TASK REQUIREMENTS:
Within the entries below, output exactly the lines between the line containing "筑後市社会福祉協議会では、市" and the line containing "วันที่ 25 พฤศจิกายน", inclusive, and omit any picture.

------ THE RECORDS

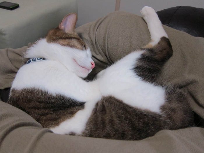 」①足の間でお昼寝したかったのに、
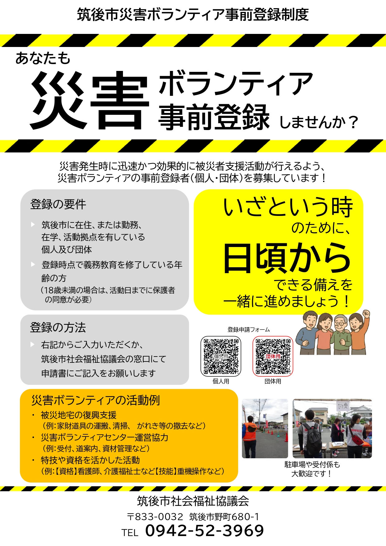 筑後市社会福祉協議会では、市内で災害が起きた場合に、必要に応じて災害ボランティアセンターを開設します。
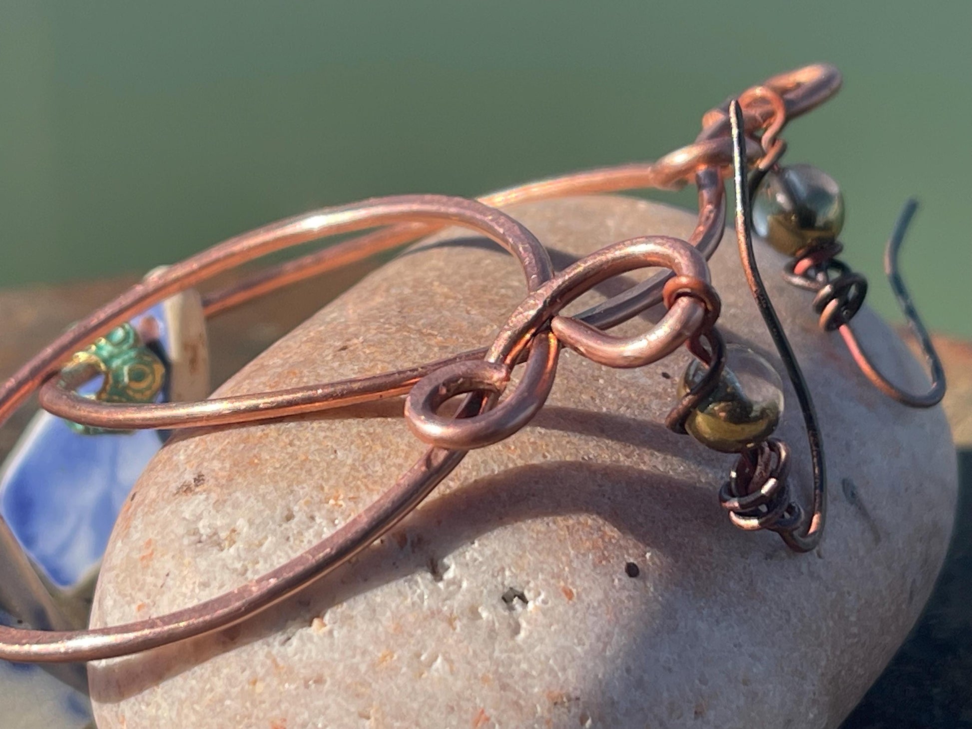 Eco friendly blue ceramic and recycled copper earrings. Unique earrings, ethical jewellery, unusual boho jewellery, eco friendly jewellery.
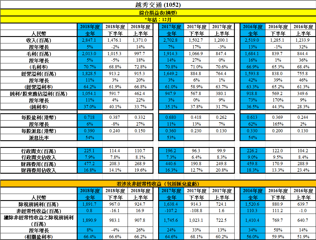 1月22日文章已「進可攻,退可守之選」為題,介紹的是越秀交通(1052),本週一公布全年業績,財務分析摘要如下
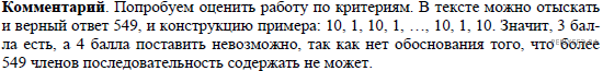 в) Приведём пример последовательности из 549 членов: Сумма её членов равна
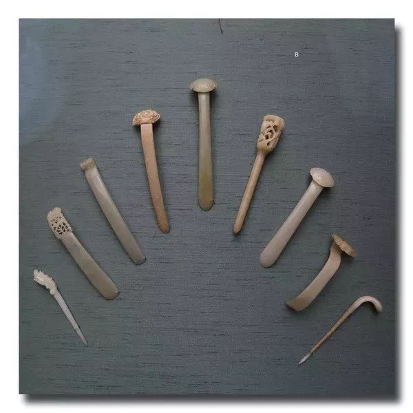 玉带头(8号)制成一株花草的形象,中间有狭槽可以穿腰带使用;带扣(9号)分为两部分,刻有龙腾云间的图案。
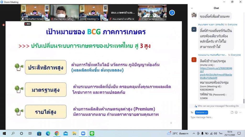 วันที่ 25 พฤศจิกายน พ.ศ 2565 นายวิชิต ใจเฉื่อย เกษตรอำเภอตะพานหิน มอบหมายให้นางเกสร บีกขุนทด นักวิชาการส่งเสริมการเกษตรชำนาญการ เข้าร่วมการประชุมการขับเคลื่อนการส่งเสริมการเกษตรด้วย BCG Model แบบบูรณาการเชิงพื้นที่และแนวทางการดำเนินงานกรมส่งเสริมการเกษตร ประจำปีงบประมาณ 2566 ผ่านระบบทางไกลออนไลน์ Application Zoom ณห้องประชุมสำนักงานเกษตรอำเภอตะพานหิน จังหวัดพิจิตร
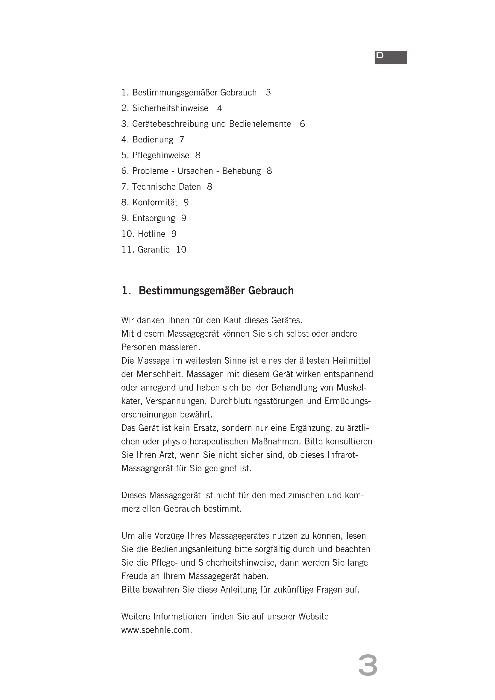 Wir danken Ihnen für den Kauf dieses Gerätes. Mit diesem Massagegerät können Sie sich selbst oder andere Personen massieren. Die Massage im weitesten Sinne ist eines der ältesten Heilmittel der Menschheit. Massagen mit diesem Gerät wirken entspannend oder anregend und haben sich bei der Behandlung von Muskel- kater, Verspannungen, Durchblutungsstörungen und Ermüdungs- erscheinungen bewährt. Das Gerät ist kein Ersatz, sondern nur eine Ergänzung, zu ärztli- chen oder physiotherapeutischen Maßnahmen. Bitte konsultieren Sie Ihren Arzt, wenn Sie nicht sicher sind, ob dieses Infrarot- Massagegerät für Sie geeignet ist. Dieses Massagegerät ist nicht für den medizinischen und kom- merziellen Gebrauch bestimmt. Um alle Vorzüge Ihres Massagegerätes nutzen zu können, lesen Sie die Bedienungsanleitung bitte sorgfältig durch und beachten Sie die Pflege- und Sicherheitshinweise, dann werden Sie lange Freude an Ihrem Massagegerät haben. Bitte bewahren Sie diese Anleitung für zukünftige Fragen auf. Weitere Informationen finden Sie auf unserer Website www.soehnle.com.4
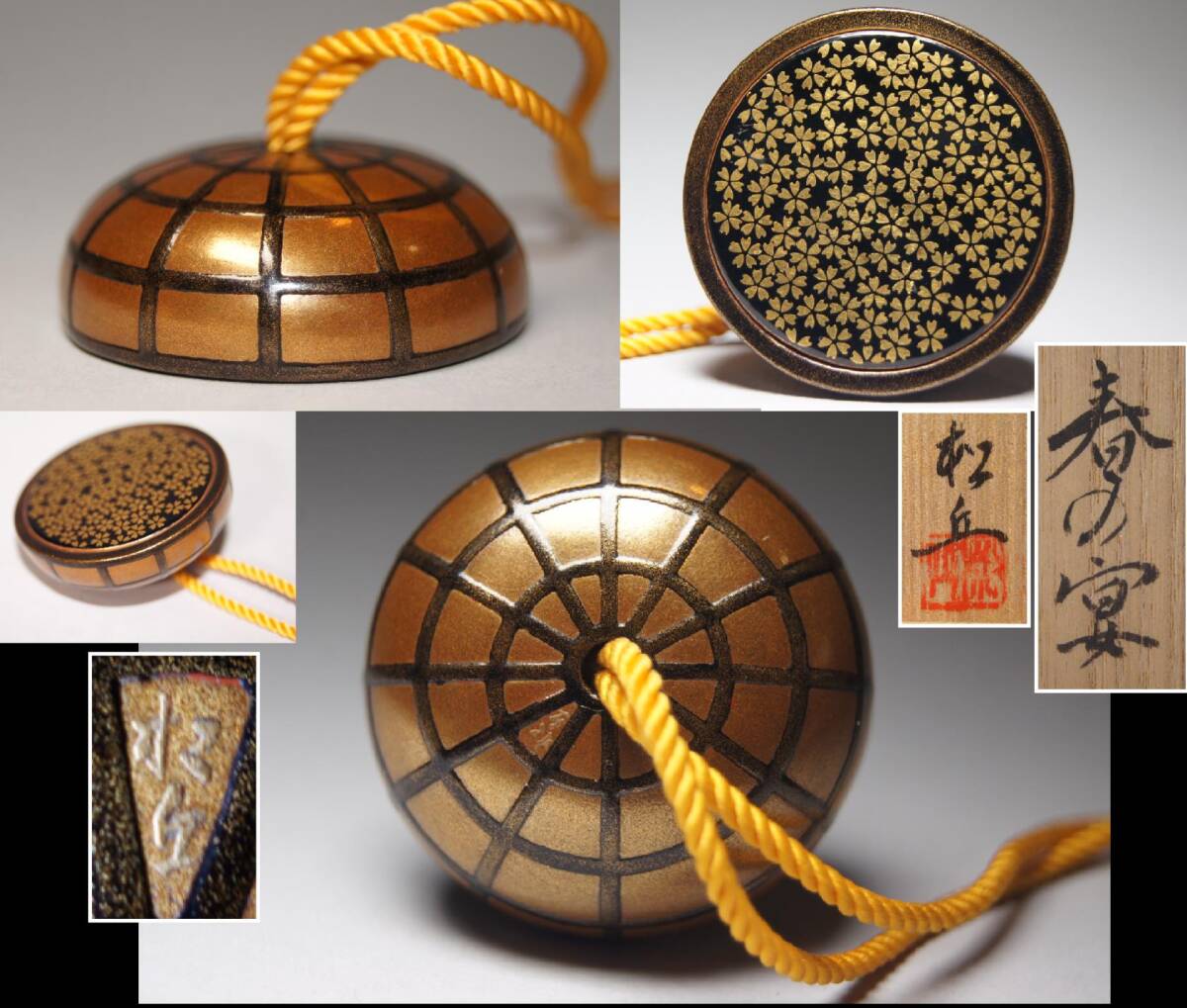 > 蒔絵師■白井松丘 作■ 蒔絵『春の宴』根付 共箱 桜 花籠 京都市生 漆器 漆芸 真贋保証 / 印籠 提げ物 煙草入れ 煙管
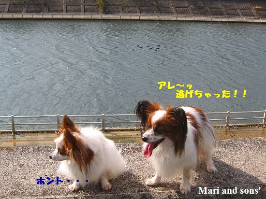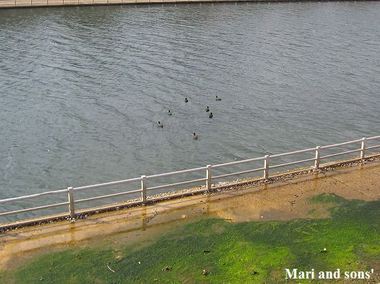 ふと 散歩道の傍の護岸を見たら なんと冬の使者 水鳥がやってきていました |
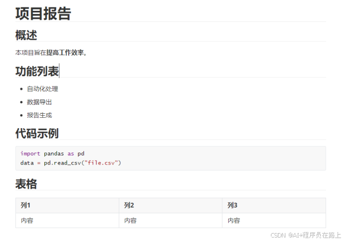 仅通过少量符号(如 #、*、[]())就能快速定义标题、列表、链接等样式,最终可导出为 HTML、PDF、文档等格式。
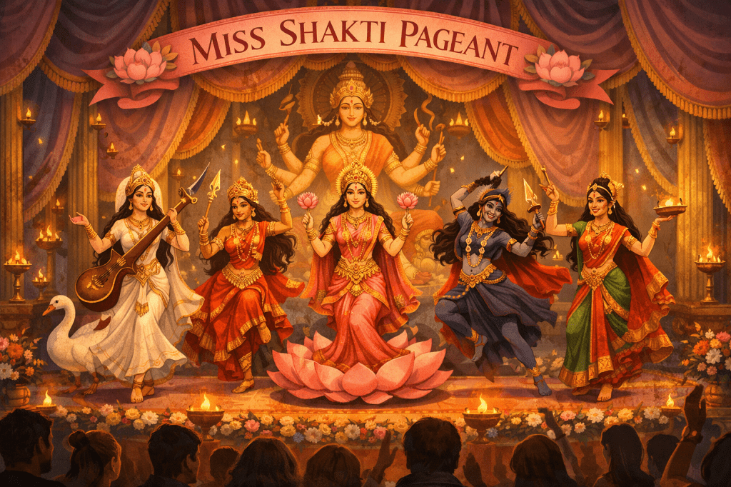 (Left) The Miss Shakti pageant described by former members of the organization. Participants performed dances representing Hindu goddesses during the group’s annual spiritual camp in Costinești, Romania. According to survivor testimony, the competition was presented as a celebration of divine feminine energy within the movement’s tantric teachings. At the end, women were encouraged to lose their costumes and dance naked.
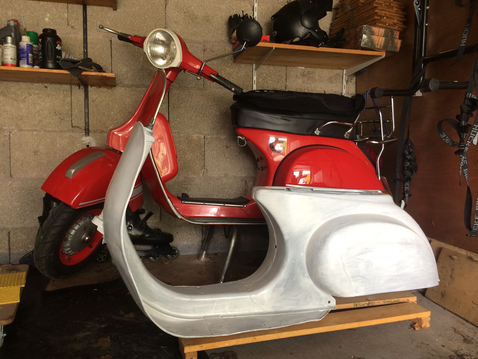 Habe vorhandene Beulen etc. extra so gelassen. Soll nicht der perfeke Showroomroller sein, die Beulen wurden hart erarbeitet. Mich hat's mit dem Roller in meinen Jugendjahren auf winterlichen Straßen während der Fahrt von Titisee-Neustadt nach Freiburg und zurück manchmal heftig gebeutelt - war teilweise recht abenteuerlich.
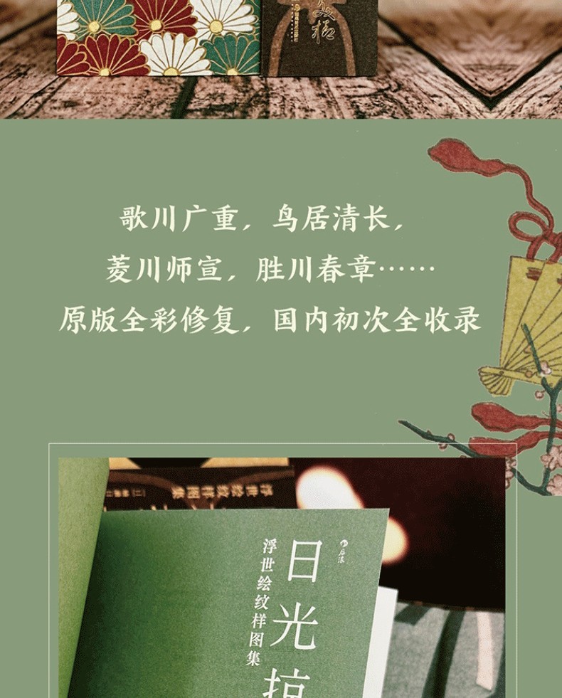《日光掠影:浮世繪圖樣圖集》集結近50位浮世繪畫師的240幅紋樣設計標誌性圖案。自浮世繪初現至成熟期,橫貫近300年,從海量之作中精挑細選,包括版畫、繪本或肉筆作品,展現日本畫師豐盈的藝術想像力。除了耳熟能詳的歌川廣重、鳥居清長,還有宮川畫派鼻祖宮川長春,川又派鼻祖川又常行,勝川派創始人勝川春章,「役者繪巨擘」東洲齋寫樂,等等,更是收羅不少創作者不詳的稀有之作。一本書即可賞玩浮世繪紋樣本身的優雅艷麗、美妙細節,讀者可以一幅一幅地鑑賞圖案的配色、佈局、構想。
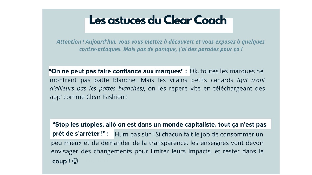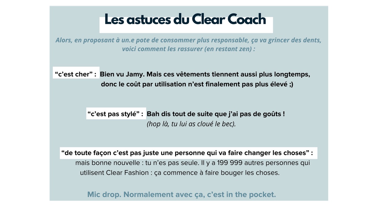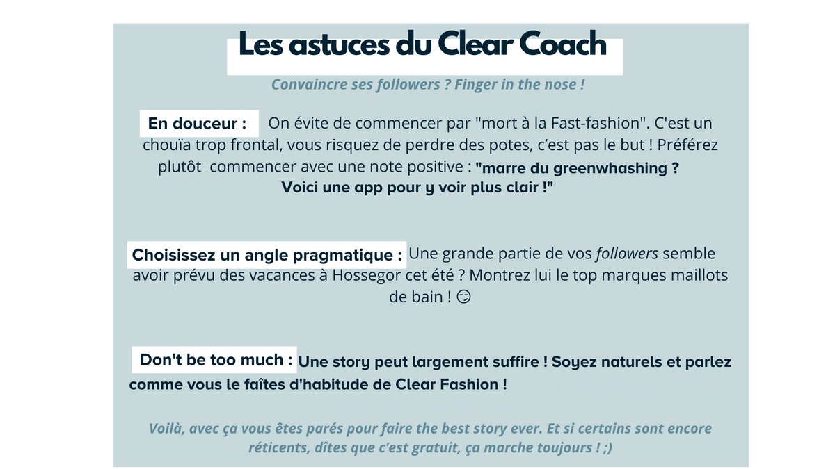 Bravo et merci d’avoir réussi à convaincre vos proches la semaine dernière ! Cependant, on pense sincèrement que l’application Clear Fashion peut être très utile pour des personnes aux profils de consommation très différents et on a besoin de vous pour le prouver ! Alors n’hésitez pas à partager l’application sur vos réseaux sociaux en créant une petite story ! 😉 Et n’oubliez pas de mentionner le compte Clear Fashion @clearfashionapp, on a hâte de voir ça ! Et pour vous aider, voici les conseils du Clear Coach :
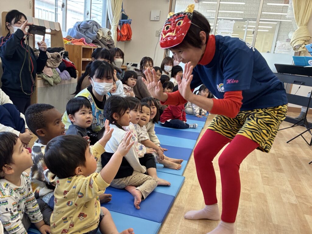 節分が近いこともあり、サプライズで鬼さん登場!小さいおともだちも、ハイタッチ!
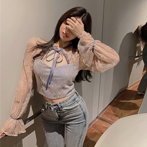 レースシャツ スプリングサマースリムショートブラウス ロング 春物 夏物 レースアップ セブンプリンセス36311428672

------------

TASK RESULT:
 筑後市社会福祉協議会では、市内で災害が起きた場合に、必要に応じて災害ボランティアセンターを開設します。
 Eco friendly blue ceramic and recycled copper earrings. Unique earrings, ethical jewellery, unusual boho jewellery, eco friendly jewellery.
 1月22日文章已「進可攻,退可守之選」為題,介紹的是越秀交通(1052),本週一公布全年業績,財務分析摘要如下
 в) Приведём пример последовательности из 549 членов: Сумма её членов равна
 玉带头(8号)制成一株花草的形象,中间有狭槽可以穿腰带使用;带扣(9号)分为两部分,刻有龙腾云间的图案。
 วันที่ 25 พฤศจิกายน พ.ศ 2565 นายวิชิต ใจเฉื่อย เกษตรอำเภอตะพานหิน มอบหมายให้นางเกสร บีกขุนทด นักวิชาการส่งเสริมการเกษตรชำนาญการ เข้าร่วมการประชุมการขับเคลื่อนการส่งเสริมการเกษตรด้วย BCG Model แบบบูรณาการเชิงพื้นที่และแนวทางการดำเนินงานกรมส่งเสริมการเกษตร ประจำปีงบประมาณ 2566 ผ่านระบบทางไกลออนไลน์ Application Zoom ณห้องประชุมสำนักงานเกษตรอำเภอตะพานหิน จังหวัดพิจิตร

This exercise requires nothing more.